Pets are a topic that folks often raise sheepishly, appreciating that when it comes to matrimonial law, divorce, and equitable distribution, animals are largely viewed as property. Legally, pets may not have well-defined rights reflecting their importance, individuality, and aliveness, however, in mediation, when parties identify pets as essential members of the family, we treat them as such.

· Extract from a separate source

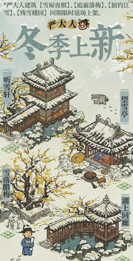 街机cn 来源:厂商 发表于:2021-12-06《江南百景图》游戏中12月6日(今天)严大人冬季建筑上新了!很多玩家还不是很清楚到底上新了什么!今天小编就为大家分享一下游戏中12月6日严大人冬季建筑上新的内容!有需要的玩家们和小编一起来了解一下吧!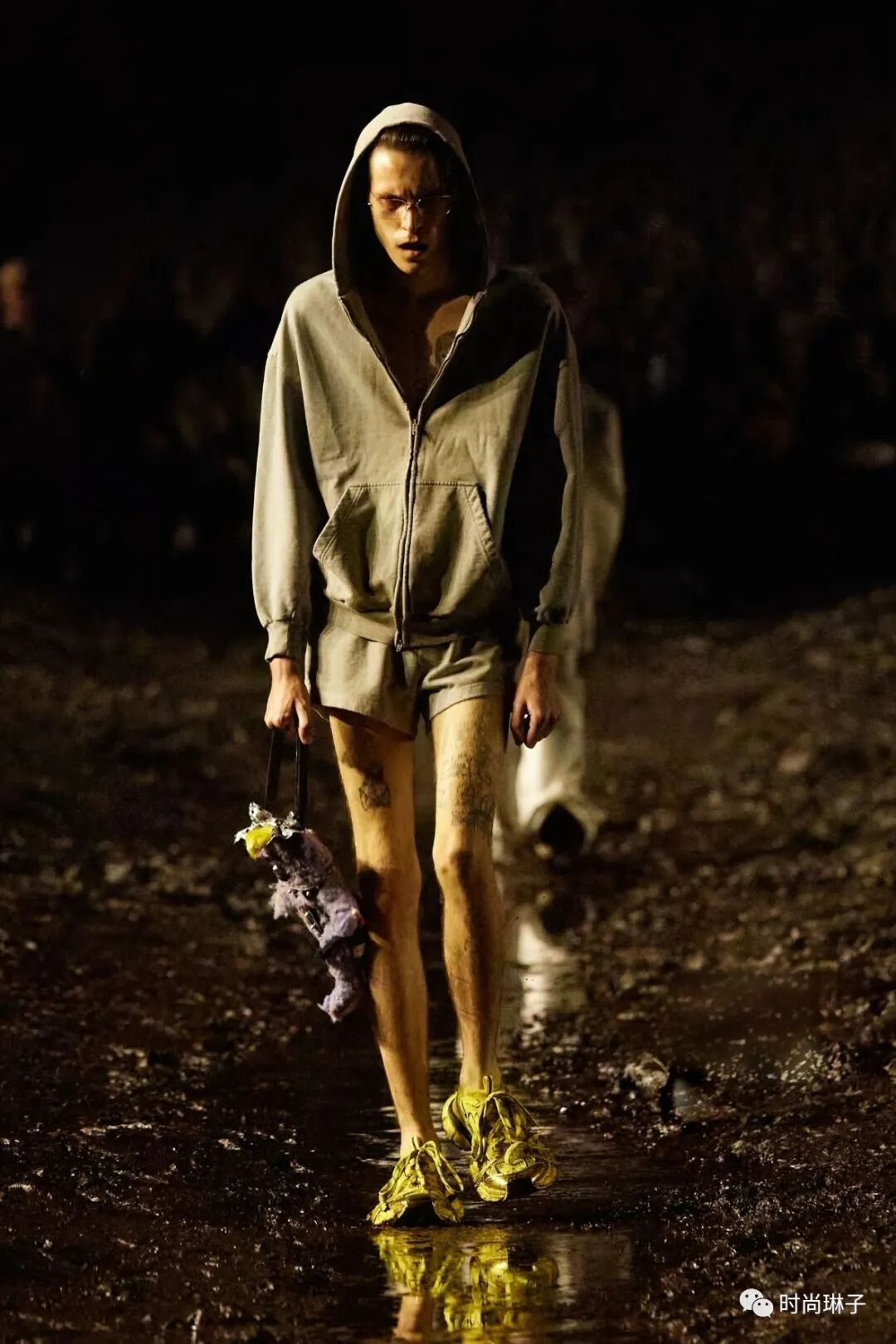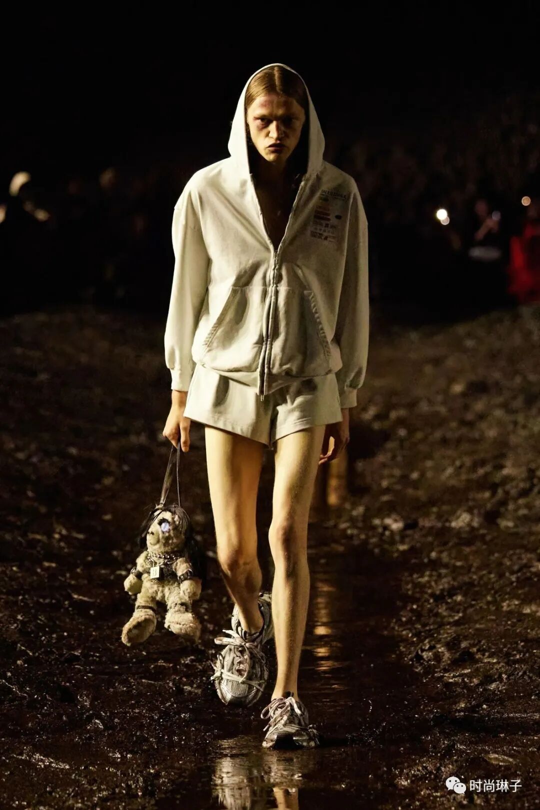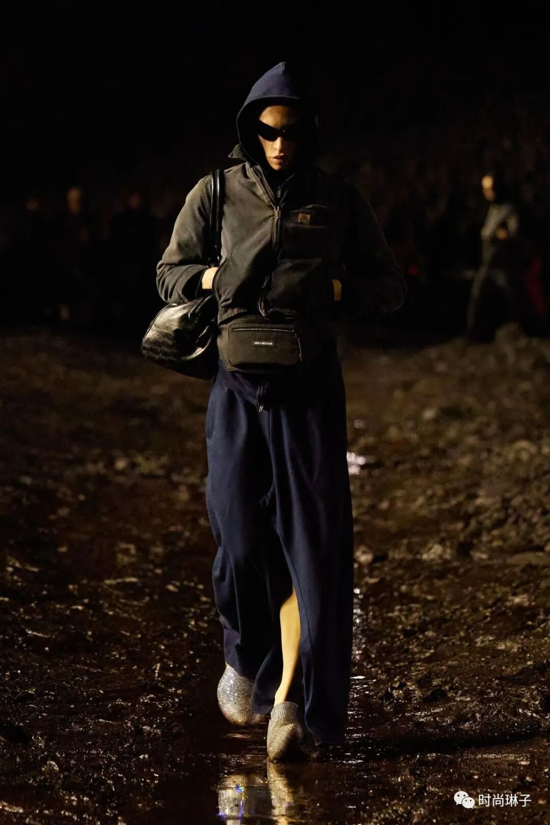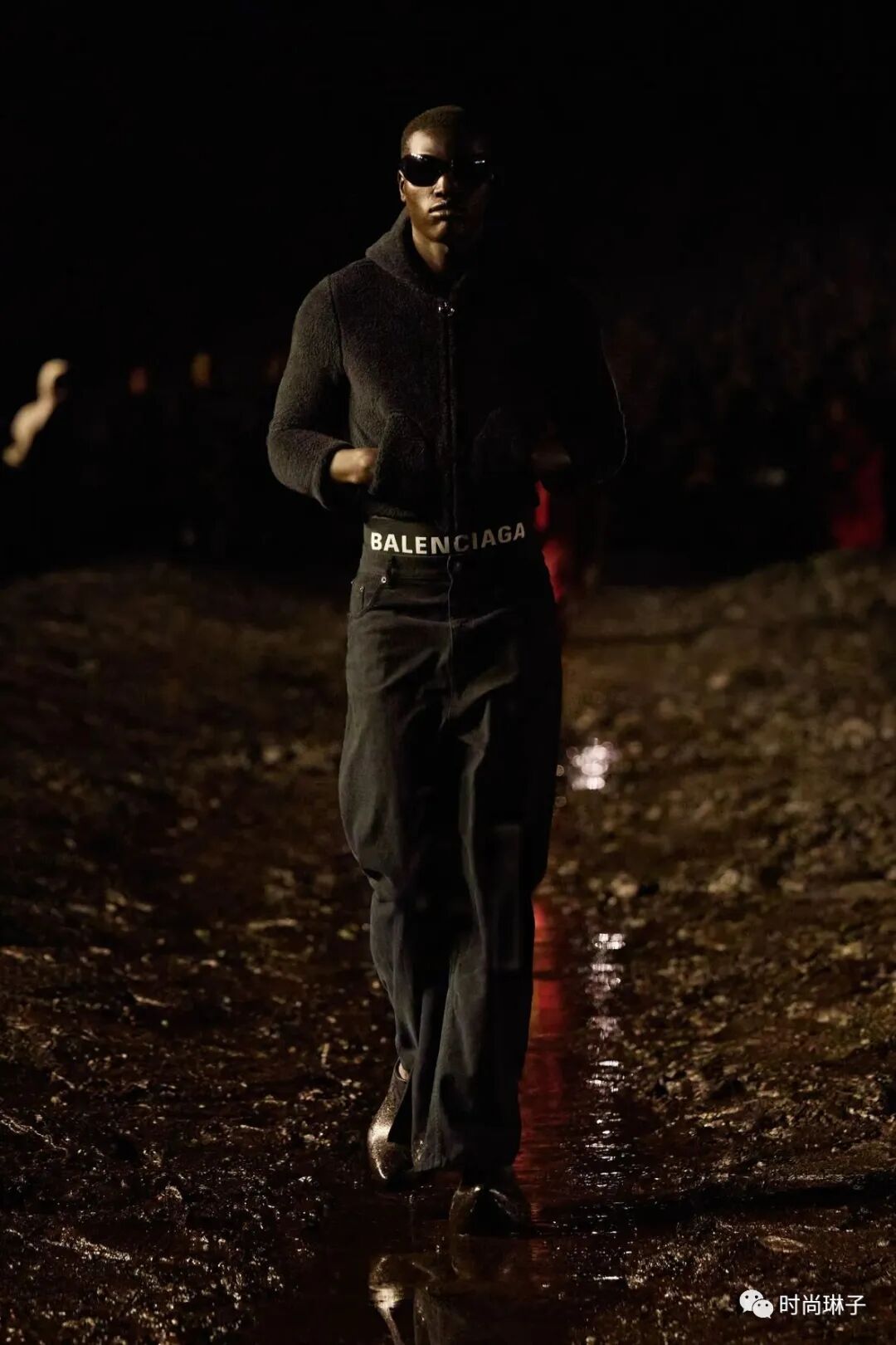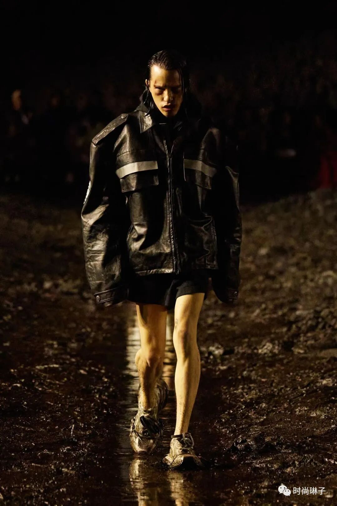 巴黎世家2023夏季大秀秀场以泥泞的路面为T台,被现实打击的“鼻青脸肿”的模特们,穿着夹克、牛仔裤、运动衫、长裙........,依然在生活这条道路上勇往直前。

Custody/visitation schedules are possible for pets. How do we arrive at one? In mediation, I apply a hybrid analysis similar to the “best interest” standard applied to child custody. Where pets are concerned, I look to both the best interests of the family as a whole, its component members, and the best interests of the pet. Both people and animals deserve to have their attachments to one another protected, especially in times of stress and change. In fact, the ongoing attachment to a family pet can support children (and grown-ups) in acclimating to separate households and transitioning regularly between them. Pets often serve as attachment objects that can help create a sense of security and consistency as other aspects of life change.

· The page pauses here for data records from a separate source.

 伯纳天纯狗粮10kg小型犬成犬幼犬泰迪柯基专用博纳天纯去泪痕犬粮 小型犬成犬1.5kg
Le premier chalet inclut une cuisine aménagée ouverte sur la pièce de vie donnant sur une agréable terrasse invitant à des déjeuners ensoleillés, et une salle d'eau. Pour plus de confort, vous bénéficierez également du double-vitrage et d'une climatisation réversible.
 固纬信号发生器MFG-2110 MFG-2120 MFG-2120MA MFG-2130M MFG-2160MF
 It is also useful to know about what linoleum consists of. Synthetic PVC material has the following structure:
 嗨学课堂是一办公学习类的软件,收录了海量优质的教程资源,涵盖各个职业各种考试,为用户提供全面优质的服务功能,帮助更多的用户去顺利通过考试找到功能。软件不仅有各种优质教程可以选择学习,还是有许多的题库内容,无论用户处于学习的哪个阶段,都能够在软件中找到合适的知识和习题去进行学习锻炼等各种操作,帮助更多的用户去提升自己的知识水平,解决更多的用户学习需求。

Of course, we also consider what is best for any given pet. When we work out a shared custody arrangement, we want to consider applicable factors to generate a situation wherein the pet and people thrive. We work to accommodate work and home schedules, flexibility to walk the dog during the day, and so forth. If one parent works from home, the pet might be better suited to stay with that parent during the day so the pet (and person) can enjoy company in the house. This is preferable to a pet being crated or isolated for many hours unnecessarily. Optimizing the availability of family members when planning pet time can also help families avoid additional costs of employing a pet sitter or walker. When household budgets move into household budgets, cooperating to cut costs is vital.

Finding an appropriate or optimal place to live that allows dogs or other pets can be a real hindrance in securing a new residence. Some rentals don't accept big dogs. Some don't take more than one dog. Some are not pet friendly at all. If someone is living in an apartment with pet restrictions, until such time as she has a more pet-friendly situation, she might need to enjoy visits with the pet outside of her residence, for walks in the evening, and so forth. In these instances, temporary compromises can be worked out so that the dog-person attachment still continues until more desirable arrangements can be made.

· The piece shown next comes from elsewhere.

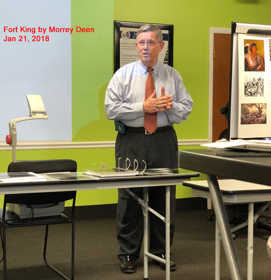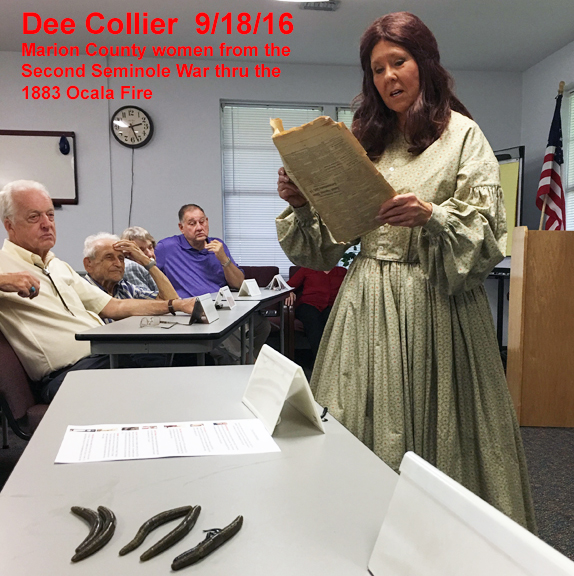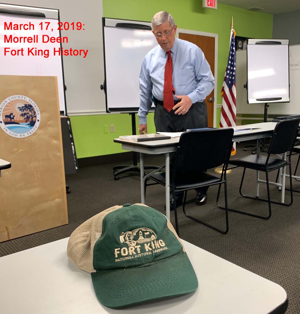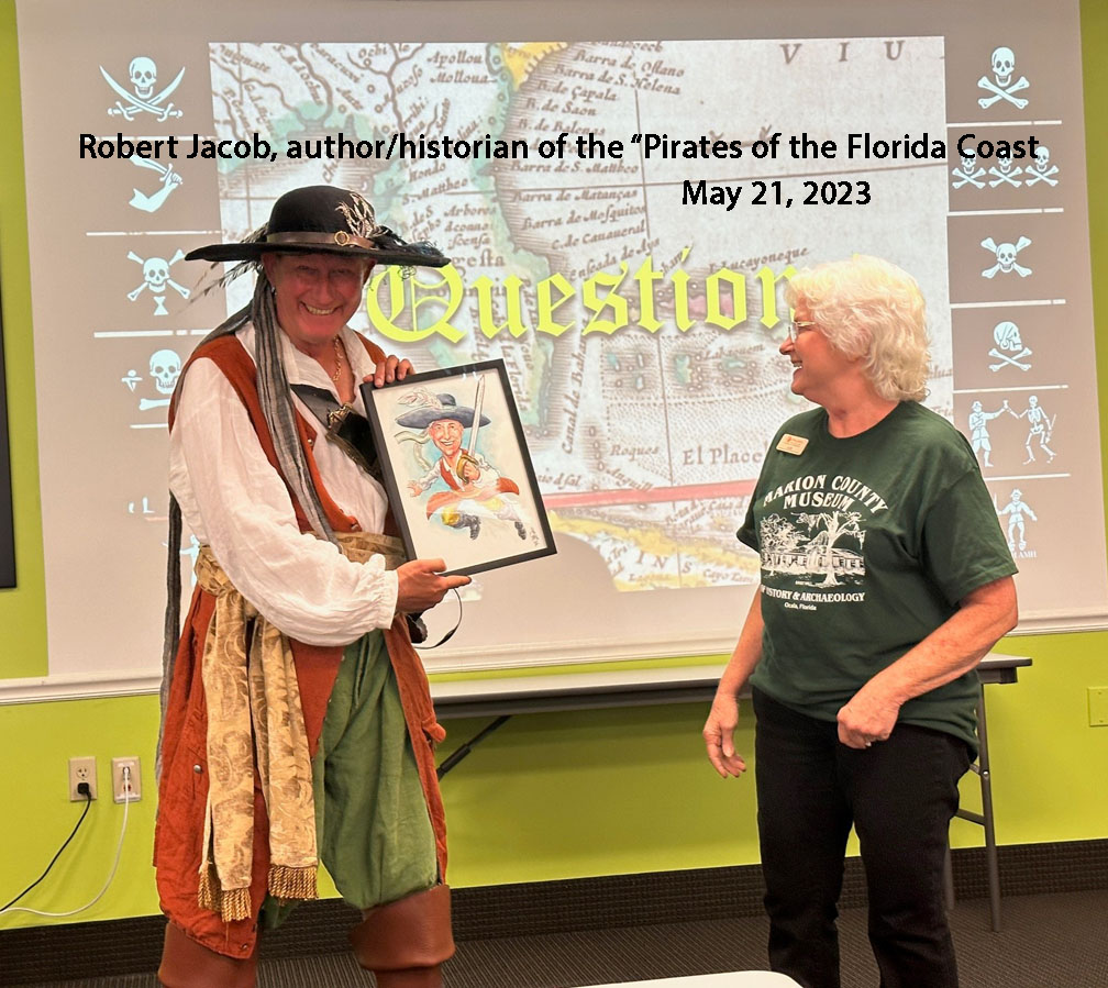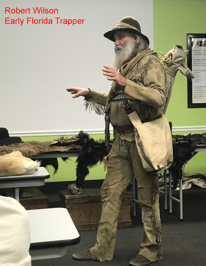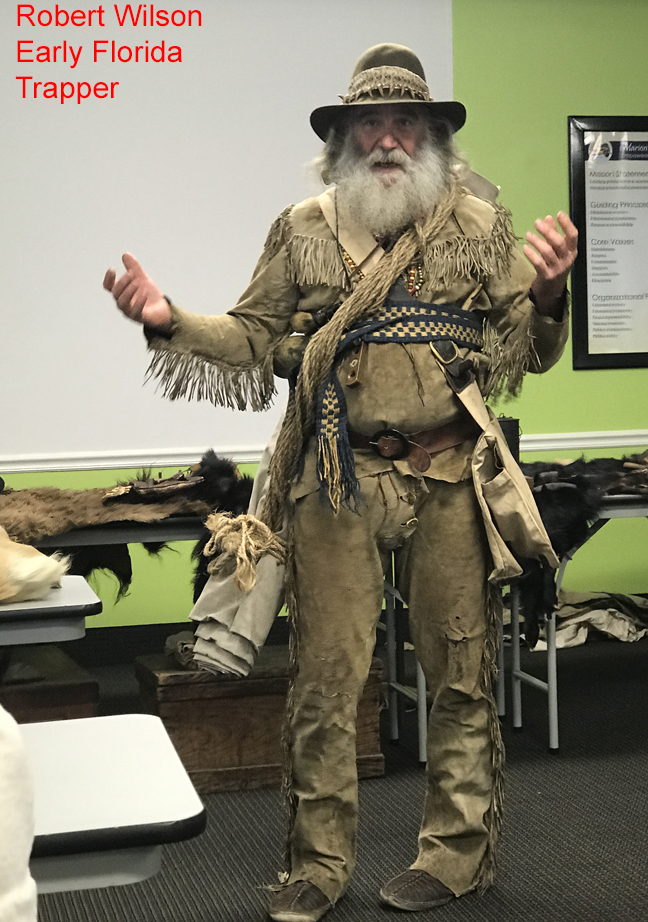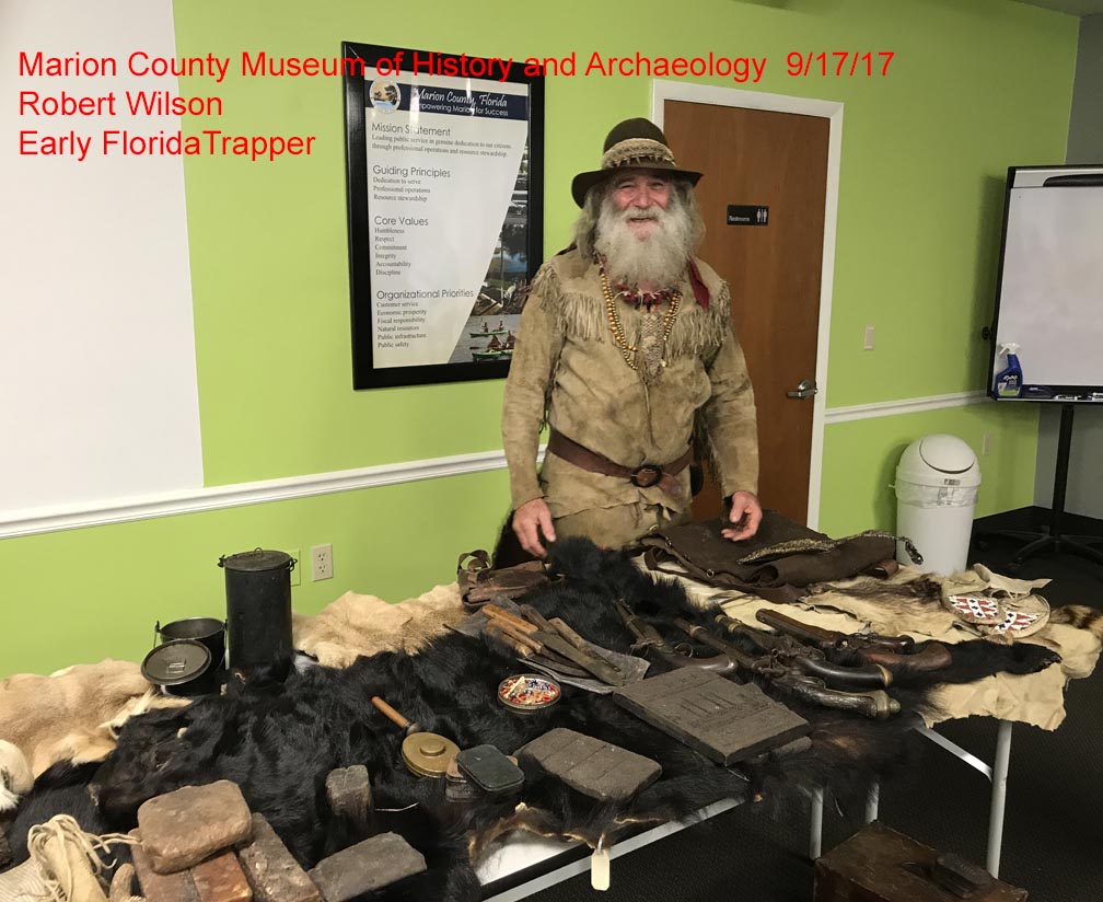 News: News will be updated as it occurs. Lectures will be at Green Clover Hall, 319 SE 26th Ave., Ocala, in the McPherson government complex. The program will begin at 2 p.m. Following the program, there will be a reception at the Marion County Museum of History and Archaeology, 307 SE 26th Terr., Ocala, also in the McPherson government complex. For more information, call 352-236-5245. The cost of the program is $5.00 with free admittance to museum members. All programs will be on the 3rd Sunday of odd months. Future Lectures: The museum future programs will be: The Marion County Museum of History and Archaeology’s next program is scheduled for July 20, 2025. Dr. Joe Knetsch will lecture on Medicine during the Civil War. Be sure and check back a week before each lecture to confirm it is still occuring. ********************************************************************************************************************** The museum’s Facebook page is at: https://www.facebook.com/search/top/?q=marion%20county%20museum%20of%20history%20and%20archaeology Saturday, 8/10/19 at the Fort King National Historical Landmark, the Fort King Heritage Association presented to the Marion County Museum of History and Archaeology a leather bound multipage reproduction copy of the hand written minutes of the first Marion County Commission meeting that took place in the fort on Friday, February 20, 1846. You can actually read the cursive script that was hand written on that day. FKHA president Bill McCall, and Board members, Diane Trice and Robin Corsiglia presented to the Marion County Museum of History and Archaeology trustees Zack Pagels, Vanessa Thomas, and Judy Delk. Past Lectures: Date: Speaker/Subject 10/12/11: Dr. William Marquardt, Florida Museum of Natural History (Randell Research Center at Pineland). 11/16/11: Ernest Jernigan, Ocala Historian 12/14/11: Dr. Barbara Purdy, Archaeologist University of Florida 1/11/12: Mr. J.T. Glisson, author of “The Creek” 2/11/12: Rich Estabrook, Florida Public Archaeology Network 3/14/12: Dr. Michael Gannon, Historian, University of Florida 4/19/12: Claude Van Order, Flint Knapping 7/22/12: Dr. Joe Knetsch- Spanish Land Grants and the incoming Seminoles during the late 18th and early 19th century. 8/19/12: Dr. Willet Boyer - The Gordon Collection and things we learned from it. 9/16/12: Dana Ste Claire - The Cracker Culture in Florida History 10/28/12: Dr. Keith Ashley - Archaeologist Dr. Ashley, of the University of North Florida will be speaking on the Spanish mission era, with a focus on his work and recent discoveries at the Guadalquini mission site. 11/18/12: Carol Lopez-Bradshaw - In 1768 over 1,400 people left the Mediterranaen Island for the British East Florida. Menoran of the Menorcan Cultural Society in St. Augustine! 1/20/13: Michael C. Mason -Ocklawaha River Steamboats, Turpentine Stills and More 3/24/13: The Patriot War in Florida by James Cusick 5/19/13: The Fort King Site by Gary Ellis; Fort King Heritage Association 7/14/13: The Great Depression in Florida by Dr. Joe Knetsch 9/22/13: Colinial Trappers - Trader Lore - by Robert Wilson 11/17/13: Silver Springs, Florida by Bruce Mozert 1/19/14: All I ever wanted tobe was a cowboy, by Bill Roberts 3/16/14: Ma Barker & the Shootout at Ocklawaha, by George Albright & Carson Good. 5/18/14: Using Social History Approaches in Family History Research by Jim Vearil 7/27/14: Dr. Joe Knetsch is scheduled for July and his topic will be Fort Drane and the Seminole Wars. 10/5/14: Ronald Haase - Cracker Architecture 1/18/15 Peter Mullins - A a program on family feuds that happened right after the War Between the States. Two of the family feuds in Florida are the Barber and Mizell families from Marion County, Florida. 3/22/15 Turpentine Industry by Barbara Clark, 5/17/15 Florida Cattle Ranching By Robert L. Stone 7/19/15 Dr. Joe Knetsch - Marion County Medical Issues of long ago. 11/15/15 Delee Perry, owner and operator of the Perry Swim School, will present a program entitled ‘SilverSprings and Other Florida Springs’ 1/17/16 “Sybil Bray And Her Salty Crackers Series of Books” by Nancy Bray Bowden 4/3/16 A Conversation with Roy Abshier, a long time resident of 5/15/16 Sesquicentennial Reenactment of the Escape by Boat of Confederate Officers- Kim Cullars 7/17/16 Bill Partinton speaks about Stopping the Cross-Florida Barge Canal 11/20/16 Cynthia Wilson-Graham(Coauthor of a book "Remembering Paradise Park" at Silver Springs) Buy her book at the Museum. 1/15/17 Slavery in the USA, Florida, and Marion County by Mr. Emmett Coyne 3/19/17 The Highlands Hotel & Early Golfing in Ocala by Daniel J. Jones 5/21/17 Trails , Tales, and Where by Annabelle Leitner - Historian 7/16/17 Utopian Communities by Dr Joe Knetsch - Historian 9/17/17 Trappers & Traders by Robert Wilson (tenative) 9/17/17 Trappers & Traders Presented by Mr. Robert Wilson, living historian. A traveling interpretative historian, Mr. Robert Wilson is the owner of Wizard's Gun shop, a gunsmith, expert on trapping, and instructor on the ways of trappers & traders in early Florida. Having participated in the Silver River Museum's Ocali Days and Knap In, and doing approximately 10-30 events a year for State Parks, Boy Scouts, churches, private groups starting in 1993, he became a regular at the State Park system in 2000, and has participated on a regular basis since. He has done these programs at approximately 12-15 state parks through the years. He also does workshops/programs on Women in the Outdoors, and for the Wild Turkey Federation. A passion of his, he claims he was born 200 years too late. During these events, he does primitive camping from two to ten days at a time. The art and lifestyle of trappers and traders is represented in exhibits and in action. 11/19/17 Leah Oxendine is a historical reenactor, musician and 21-year-old author from North Marion County. Her book The Rebels of Florida was published and released to the public through Ama

If the kids are attached to the pet, and both residences are pet-friendly, a nice option may be for the pet to travel with the children. Conversely, when the parents are more attached to the pet than the children, parents might alternate so the parent without custody of the children has custody of the pet on those evenings. Interspecies companionship can not only ameliorate loneliness, it can be an opportunity for the pet to receive some needed personal attention as well.

Some people agree to stay with the pet while the other spouse is traveling and make accommodations accordingly. This not only allows each party to look forward to intermittent extended visits with the pet, but greatly reduces costs and stresses (primarily on the pet, but family too) of boarding an animal. If a pet has to stay in the family home when one parent is traveling, some spouses agree that the other parent can stay in the home to care for the pet.

Taking good care of pets is a way to take good care of the whole family. It fosters compassion and shared interests. Tenderness and joy. Pets remind the family of their unity, their shared responsibilities and affections. It sends a message to the kids that every member of the family, even the most dependent with the least opposable thumbs, matters and will continue to be cared for and loved, regardless of how many other things are changing.

When no pet is left behind, divorcing parties practice, and demonstrate, the priority of love. In this way, pet parents nurture a sense of regular, steady living, and celebrate the ordinary joys of family.